1. ProgressiveRackBuilder

Builds Racks progressively with support for append/prepend modes and dual-LoRA approach:

from training.progressive_rack_builder import ProgressiveRackBuilder

# Create builder (fully config-driven)
builder = ProgressiveRackBuilder(
    config=config,  # All parameters read from config (including max_stacks)
    building_mode="append",  # or "prepend"
    default_precision="full"
)

# Add stacks progressively with dual-LoRA approach
stack1 = builder.append_stack(n_blocks=4, precision="full")
stack2 = builder.append_stack(n_blocks=4, precision="half")
stack3 = builder.prepend_stack(n_blocks=4, precision="qlora")

# Build final rack
rack = builder.build_rack()

1.1. Config-Driven Stack Creation

You can also create stacks directly using the config-driven approach:

from model.architecture import create_stack_from_config

# Create stack using config (no redundant parameters)
stack = create_stack_from_config(
    stack_id=0,
    n_blocks=4,
    config=config  # All parameters read from config
)

# Or use the builder (recommended)
stack = builder.append_stack(n_blocks=4)  # Uses config internally

2. ProgressiveDataLoader

Enhanced dataloader with time interpretation and activation caching:

from training.progressive_dataloader import ProgressiveDataLoader
from training.strategies.masking.time_step_masking import TimeStepMasking

# Create masking strategy
masking_strategy = TimeStepMasking(config)

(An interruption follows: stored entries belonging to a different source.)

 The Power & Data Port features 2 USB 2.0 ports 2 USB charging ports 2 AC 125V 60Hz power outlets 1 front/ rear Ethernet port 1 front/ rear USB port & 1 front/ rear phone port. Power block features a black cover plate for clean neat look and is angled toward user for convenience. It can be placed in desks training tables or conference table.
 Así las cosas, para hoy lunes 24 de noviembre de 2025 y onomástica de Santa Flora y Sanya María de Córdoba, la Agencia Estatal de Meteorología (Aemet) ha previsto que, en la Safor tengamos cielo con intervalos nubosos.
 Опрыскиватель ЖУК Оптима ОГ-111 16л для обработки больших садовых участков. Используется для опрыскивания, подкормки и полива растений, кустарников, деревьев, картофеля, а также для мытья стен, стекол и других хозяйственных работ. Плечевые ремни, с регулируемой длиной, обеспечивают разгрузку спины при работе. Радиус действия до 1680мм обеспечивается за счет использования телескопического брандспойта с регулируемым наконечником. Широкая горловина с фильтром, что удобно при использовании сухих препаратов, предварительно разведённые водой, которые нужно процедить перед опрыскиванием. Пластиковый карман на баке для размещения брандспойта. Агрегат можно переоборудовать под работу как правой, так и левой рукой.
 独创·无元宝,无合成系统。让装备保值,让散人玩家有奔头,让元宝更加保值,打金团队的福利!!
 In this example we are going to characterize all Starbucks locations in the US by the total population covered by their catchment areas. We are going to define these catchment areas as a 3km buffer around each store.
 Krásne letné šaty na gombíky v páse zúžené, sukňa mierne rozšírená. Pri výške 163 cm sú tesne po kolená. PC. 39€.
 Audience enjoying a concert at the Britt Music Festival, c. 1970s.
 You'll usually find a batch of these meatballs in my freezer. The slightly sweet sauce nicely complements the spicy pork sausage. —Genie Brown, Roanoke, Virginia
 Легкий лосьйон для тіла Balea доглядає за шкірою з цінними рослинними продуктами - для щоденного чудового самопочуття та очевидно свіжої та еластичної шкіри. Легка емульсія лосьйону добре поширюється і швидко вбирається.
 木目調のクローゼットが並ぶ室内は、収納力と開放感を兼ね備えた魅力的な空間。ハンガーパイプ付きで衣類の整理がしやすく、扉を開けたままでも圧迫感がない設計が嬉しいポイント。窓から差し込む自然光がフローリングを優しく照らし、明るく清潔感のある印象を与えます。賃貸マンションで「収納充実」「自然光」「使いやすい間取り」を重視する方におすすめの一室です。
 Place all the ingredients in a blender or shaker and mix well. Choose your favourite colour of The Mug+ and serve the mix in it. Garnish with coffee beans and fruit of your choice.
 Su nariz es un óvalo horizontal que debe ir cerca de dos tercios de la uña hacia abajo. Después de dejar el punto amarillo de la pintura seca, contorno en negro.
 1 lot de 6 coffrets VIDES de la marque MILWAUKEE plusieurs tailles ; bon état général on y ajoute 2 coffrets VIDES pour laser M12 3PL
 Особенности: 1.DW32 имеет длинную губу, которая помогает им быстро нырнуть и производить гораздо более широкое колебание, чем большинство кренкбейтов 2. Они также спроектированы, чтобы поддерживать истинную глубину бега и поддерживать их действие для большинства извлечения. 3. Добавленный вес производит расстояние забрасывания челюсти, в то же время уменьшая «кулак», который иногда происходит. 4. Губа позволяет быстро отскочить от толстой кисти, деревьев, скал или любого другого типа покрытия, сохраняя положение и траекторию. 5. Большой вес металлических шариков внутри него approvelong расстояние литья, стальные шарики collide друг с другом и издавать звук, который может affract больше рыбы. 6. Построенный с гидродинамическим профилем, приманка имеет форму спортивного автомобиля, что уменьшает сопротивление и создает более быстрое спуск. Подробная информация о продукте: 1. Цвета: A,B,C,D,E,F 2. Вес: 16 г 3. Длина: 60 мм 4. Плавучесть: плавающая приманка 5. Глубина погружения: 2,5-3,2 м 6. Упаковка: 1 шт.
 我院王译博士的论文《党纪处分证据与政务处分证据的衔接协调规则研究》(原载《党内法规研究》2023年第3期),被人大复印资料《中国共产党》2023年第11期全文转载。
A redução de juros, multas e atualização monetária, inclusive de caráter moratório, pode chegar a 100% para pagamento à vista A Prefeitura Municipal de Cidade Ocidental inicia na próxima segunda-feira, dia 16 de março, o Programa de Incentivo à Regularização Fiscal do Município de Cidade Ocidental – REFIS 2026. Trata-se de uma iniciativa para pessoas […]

# Create progressive dataloader
progressive_dataloader = ProgressiveDataLoader(
    base_dataloader=dataloader,
    masking_strategy=masking_strategy,
    stack_idx=0,
    trunk_activations=cached_activations,
    cache_activations=True
)

3. ProgressiveTrainer

Orchestrates progressive training with different strategies:

from training.progressive_trainer import ProgressiveTrainer

# Create trainer
trainer = ProgressiveTrainer(config)

# Train progressively
results = trainer.train_progressively(
    rack_builder=builder,
    dataloader=dataloader,
    target_stacks=6
)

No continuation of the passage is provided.